- _AIM OF THE EXERCISE_
In your copy, include every line of the listing below exactly but none of the pictures.

- _COLLECTED DATA_
============================================================

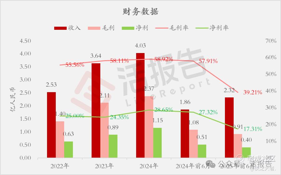 收入分别约为人民币2.53亿、3.64亿、4.03亿、1.86亿、2.32亿,2025年前6月同比+24.68%;
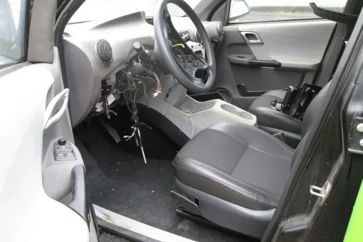Машина находится в печальном состоянии. В объявлении говорится, что выставленный на продажу образец — цвета ярко-зеленый металлик, однако он уже разукомплектован. Фактически предлагается кузов с салоном и подвеской, но без двигателя и трансмиссии.
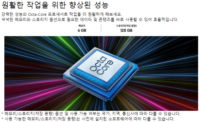 - 프로세서: 옥타코어 프로세서로 빠른 처리 속도를 자랑합니다.
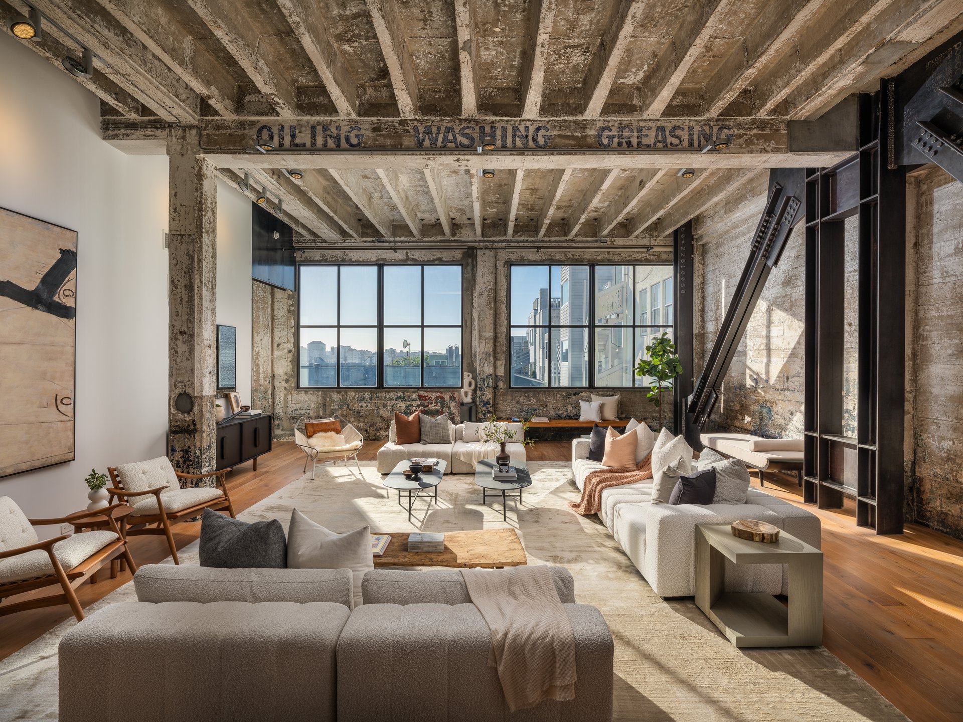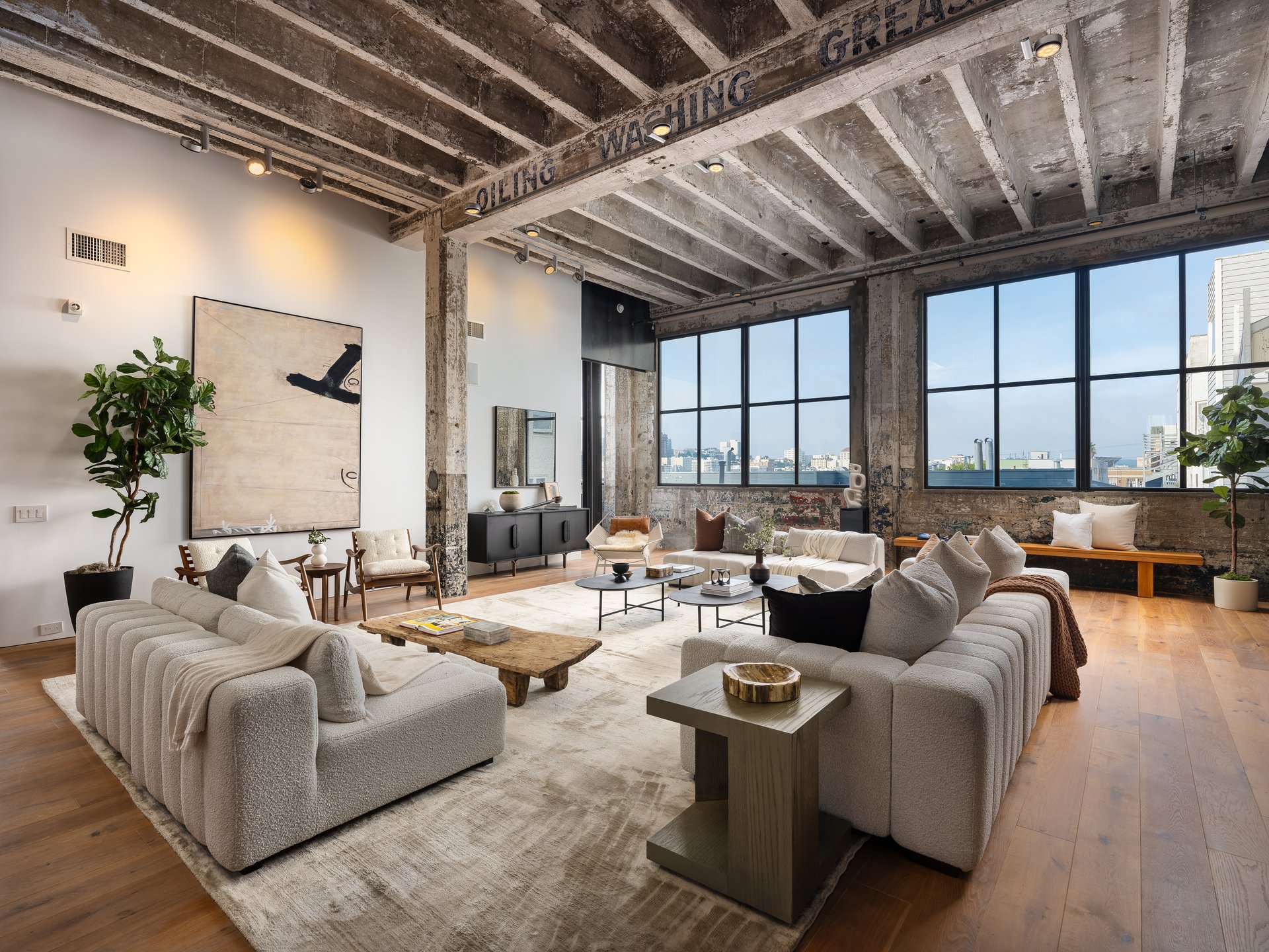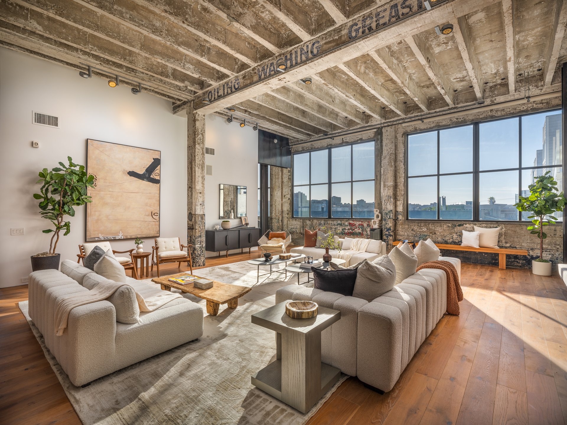 Inside, exposed concrete walls and soaring 14' ceilings along with walls of enormous south and west-facing windows create a dramatic backdrop for chic, light-filled living. Massive steel trusses and beams, original, stenciled wall graphics, and wide-plank white oak floors add to the property’s wow factor.

============================================================

- _RESPONSE BELOW_
 收入分别约为人民币2.53亿、3.64亿、4.03亿、1.86亿、2.32亿,2025年前6月同比+24.68%;
Машина находится в печальном состоянии. В объявлении говорится, что выставленный на продажу образец — цвета ярко-зеленый металлик, однако он уже разукомплектован. Фактически предлагается кузов с салоном и подвеской, но без двигателя и трансмиссии.
 - 프로세서: 옥타코어 프로세서로 빠른 처리 속도를 자랑합니다.
 Inside, exposed concrete walls and soaring 14' ceilings along with walls of enormous south and west-facing windows create a dramatic backdrop for chic, light-filled living. Massive steel trusses and beams, original, stenciled wall graphics, and wide-plank white oak floors add to the property’s wow factor.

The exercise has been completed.